• EXERCISE: Under this line sits a listing. Repeat exactly and only its lines from the one holding "Allrum/kök: Öppen planlösning" through the one holding "Die separate, neue"; skip pictures.

• GIVEN RECORDS:
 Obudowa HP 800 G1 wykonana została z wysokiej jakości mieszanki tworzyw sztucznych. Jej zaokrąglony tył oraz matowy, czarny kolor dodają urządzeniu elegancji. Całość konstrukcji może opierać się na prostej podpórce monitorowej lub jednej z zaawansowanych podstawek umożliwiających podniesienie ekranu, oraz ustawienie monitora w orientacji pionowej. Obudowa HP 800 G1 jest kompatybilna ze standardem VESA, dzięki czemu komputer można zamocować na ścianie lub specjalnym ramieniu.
--
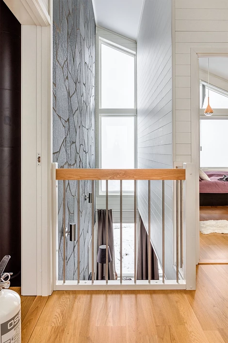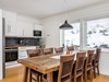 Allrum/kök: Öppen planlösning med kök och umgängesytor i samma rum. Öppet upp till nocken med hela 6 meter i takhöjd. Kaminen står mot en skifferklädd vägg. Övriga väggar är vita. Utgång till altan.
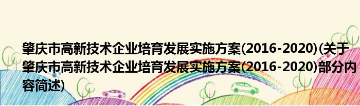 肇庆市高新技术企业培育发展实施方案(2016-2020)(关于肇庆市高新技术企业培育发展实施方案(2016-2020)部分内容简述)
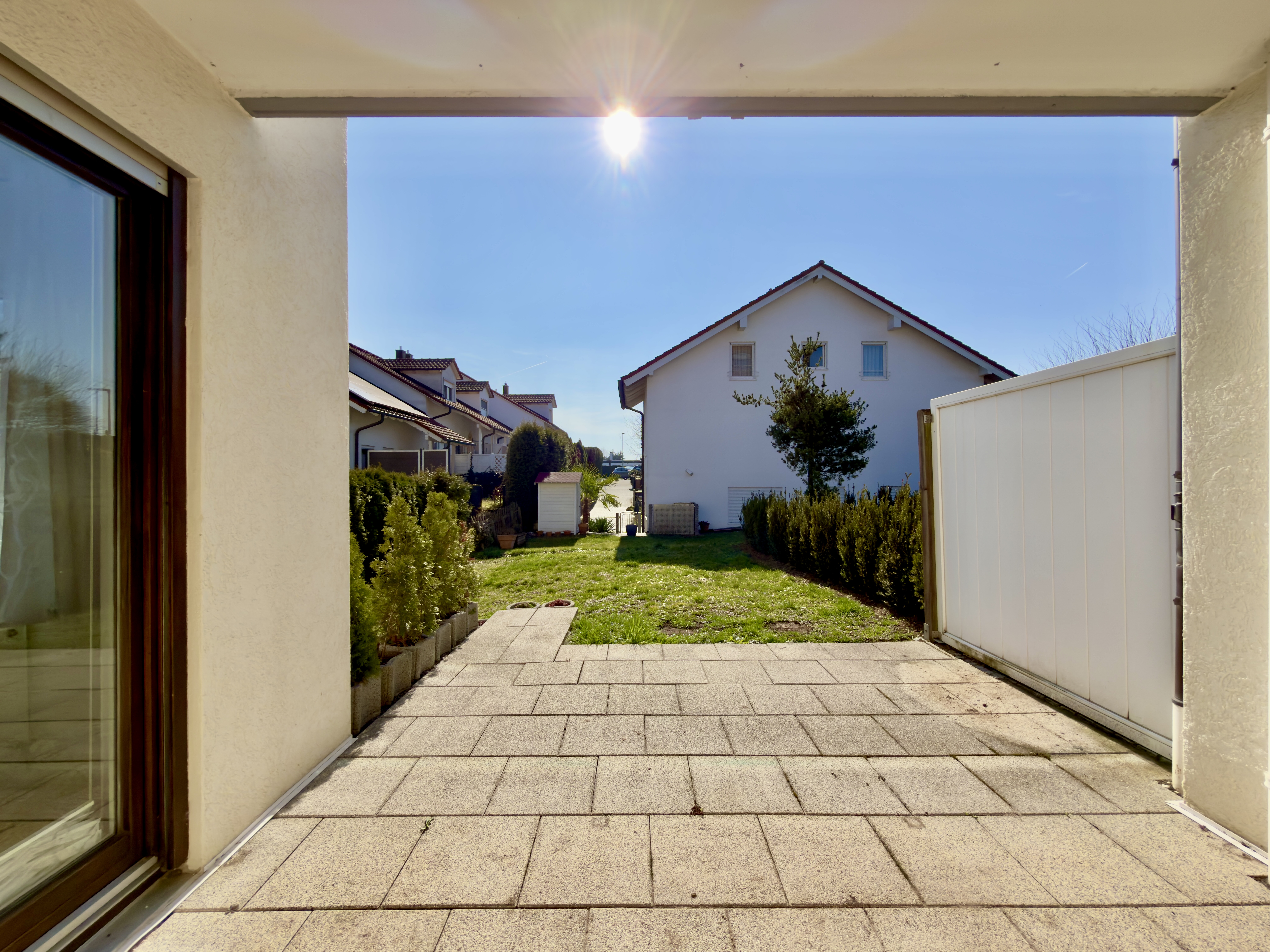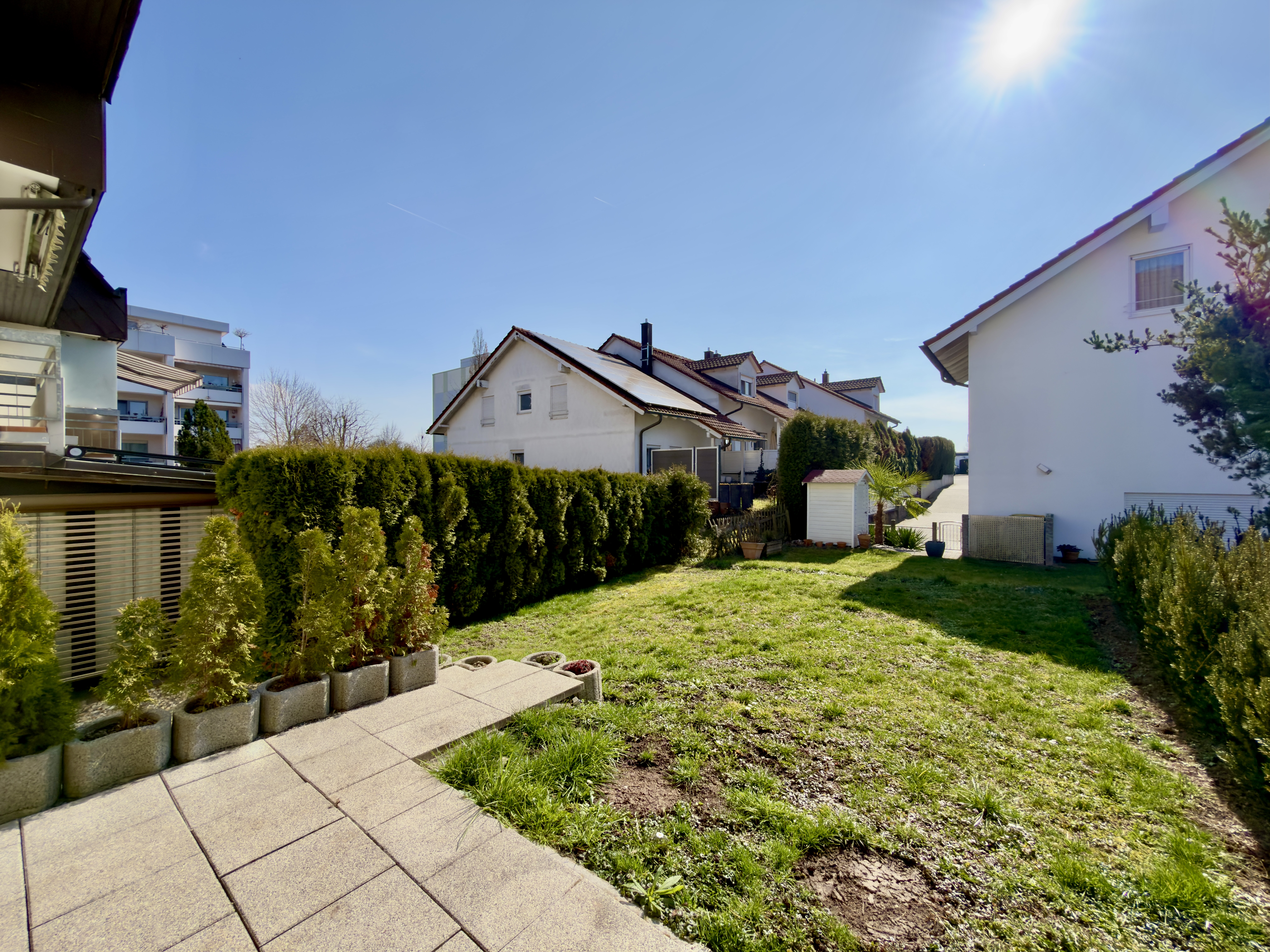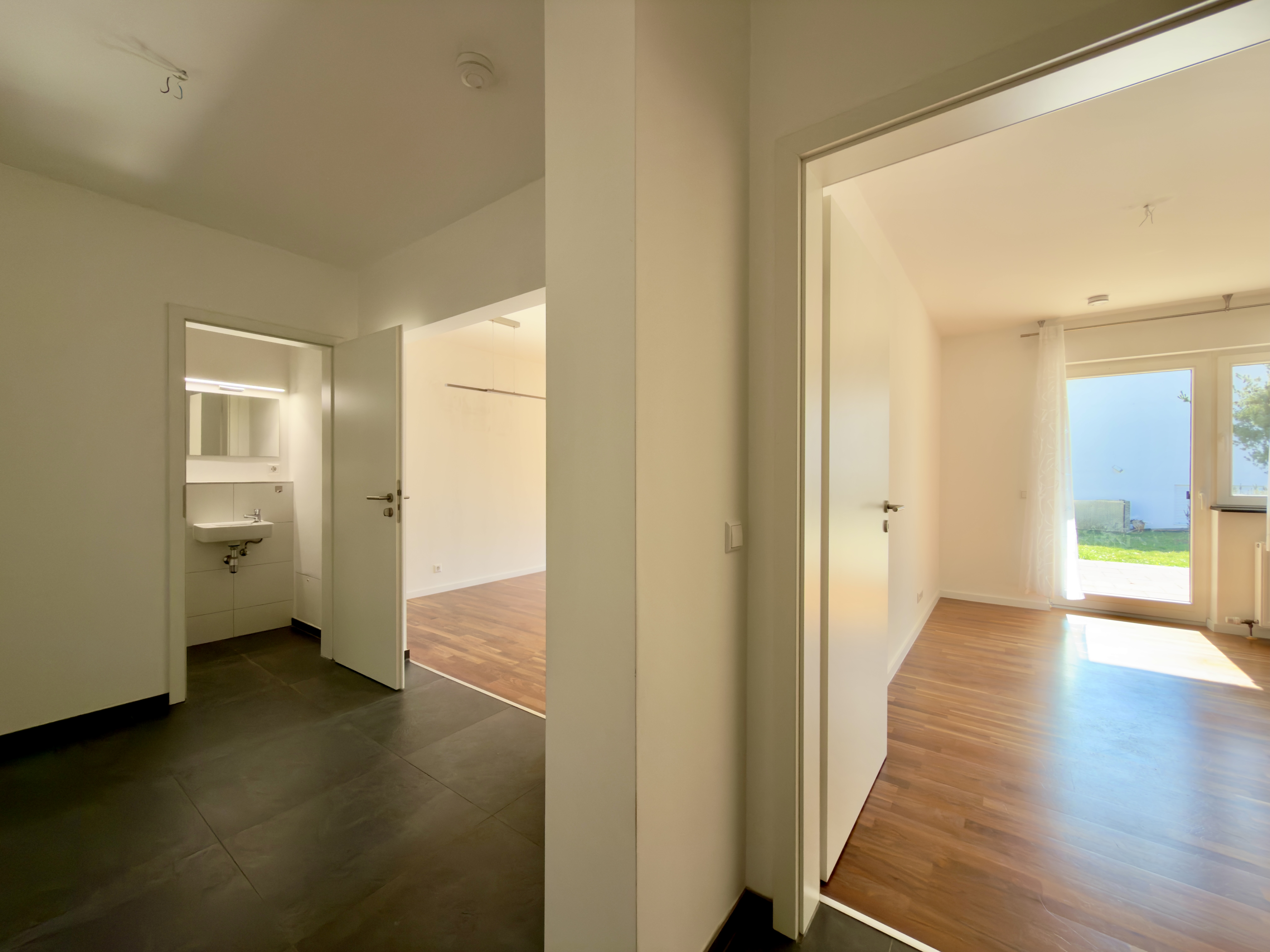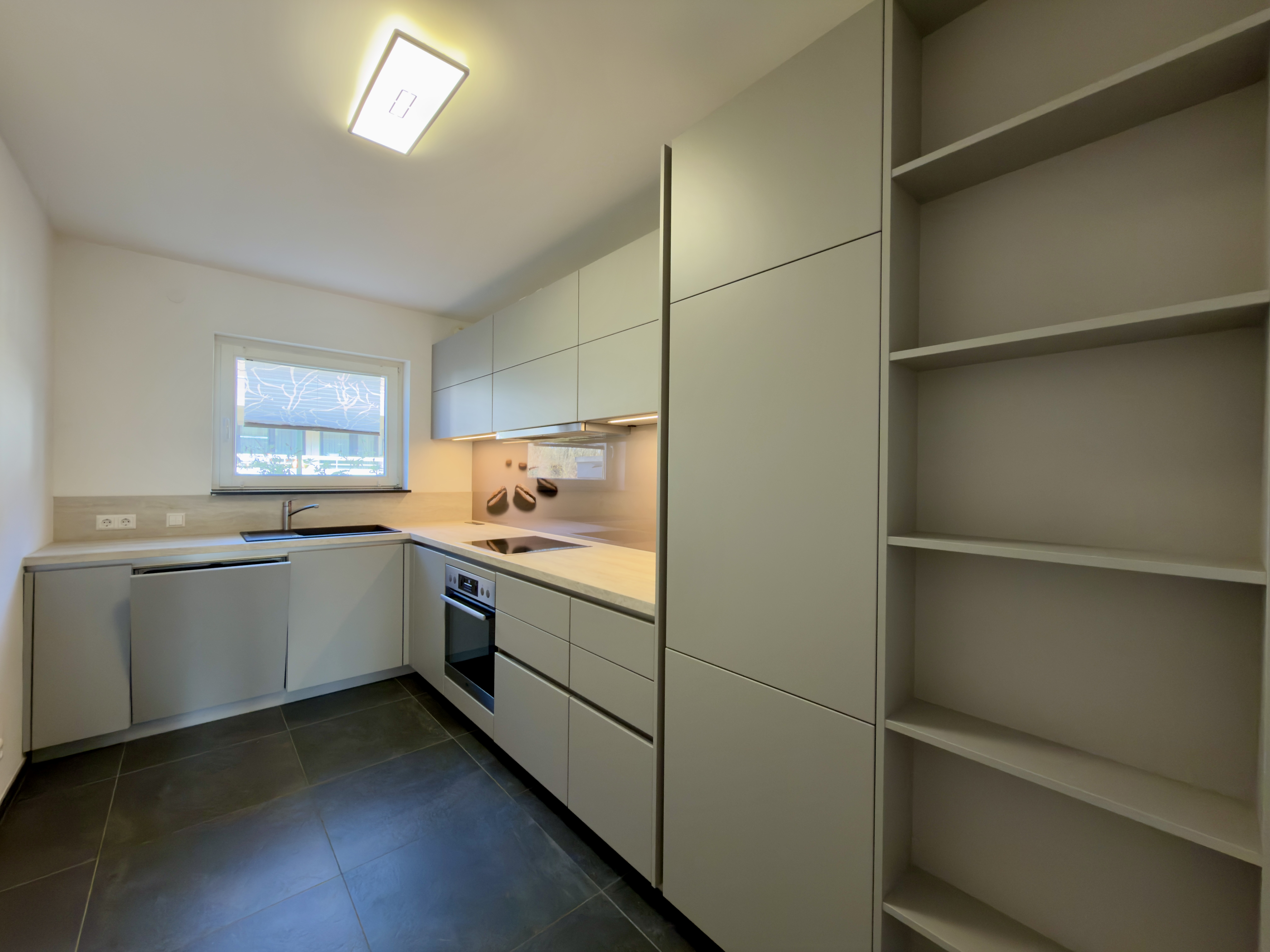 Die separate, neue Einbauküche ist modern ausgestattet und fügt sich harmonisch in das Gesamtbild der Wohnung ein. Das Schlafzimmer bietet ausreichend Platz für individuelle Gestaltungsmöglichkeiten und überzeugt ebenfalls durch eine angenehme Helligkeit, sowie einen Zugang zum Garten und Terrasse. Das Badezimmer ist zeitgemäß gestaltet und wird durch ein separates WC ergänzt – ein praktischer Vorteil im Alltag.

• RESULT FOR THIS TASK:
 Allrum/kök: Öppen planlösning med kök och umgängesytor i samma rum. Öppet upp till nocken med hela 6 meter i takhöjd. Kaminen står mot en skifferklädd vägg. Övriga väggar är vita. Utgång till altan.
 肇庆市高新技术企业培育发展实施方案(2016-2020)(关于肇庆市高新技术企业培育发展实施方案(2016-2020)部分内容简述)
 Die separate, neue Einbauküche ist modern ausgestattet und fügt sich harmonisch in das Gesamtbild der Wohnung ein. Das Schlafzimmer bietet ausreichend Platz für individuelle Gestaltungsmöglichkeiten und überzeugt ebenfalls durch eine angenehme Helligkeit, sowie einen Zugang zum Garten und Terrasse. Das Badezimmer ist zeitgemäß gestaltet und wird durch ein separates WC ergänzt – ein praktischer Vorteil im Alltag.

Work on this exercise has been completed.